Title: Fast Charging Batteries via ElectroChemical Model-Based Control In telecommunications, there were 5.2B active mobile handsets and over 1.7B mobile phone sales worldwide for 2012. Mobile phones are also a powerful tool for solving poverty and financial inequity in third world countries. In electrified transportation, there were 53,000 were plug-in electric vehicles sold in the U.S. for 2012. Despite growing sales, range anxiety is considered the largest inhibitor of electrified transportation. Significant reduction in charge times, e.g. comparable to filling a gas tank, would eliminate this obstacle and consequently reduce emissions and oil dependence. It is clear that fast charging increases the practicality of mobile devices and electric vehicles.
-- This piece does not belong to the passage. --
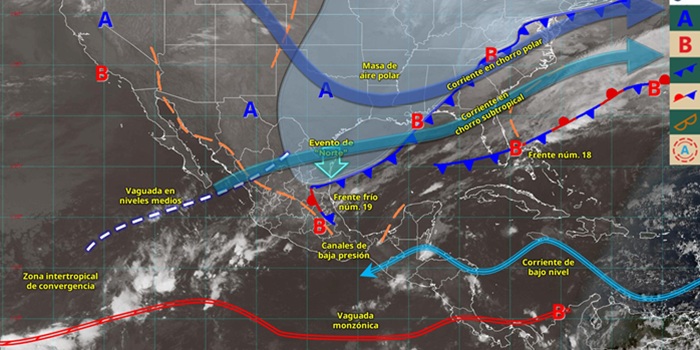 A su vez, canales de baja presión en el interior del país, en combinación con el ingreso de humedad del océano Pacífico, ocasionarán lluvias e intervalos de chubascos en zonas del occidente y sur de la República Mexicana; y lluvias puntuales fuertes en Guerrero.

However, it can also decrease cycle life depending on the charging method used. Traditionally, batteries are charged via a constant current/constant voltage (CCCV) protocol. A typical mobile phone requires 47 minutes to charge from 0-50%. However, it is well-known within the academic and industrial communities that alternative protocols can reduce charge times. Such alternatives, however, are almost always heuristic, without any provably optimal properties or safe constraint satisfaction guarantees. This research project pursues a drastically different and potentially transformative approach. This research seeks to significantly reduce Li-ion battery charge times by developing control theoretic foundations for electrochemical model-based control. Mathematically, this is formulated as minimizing charge time subject to constraints on estimated electro-chemical variables associated with aging.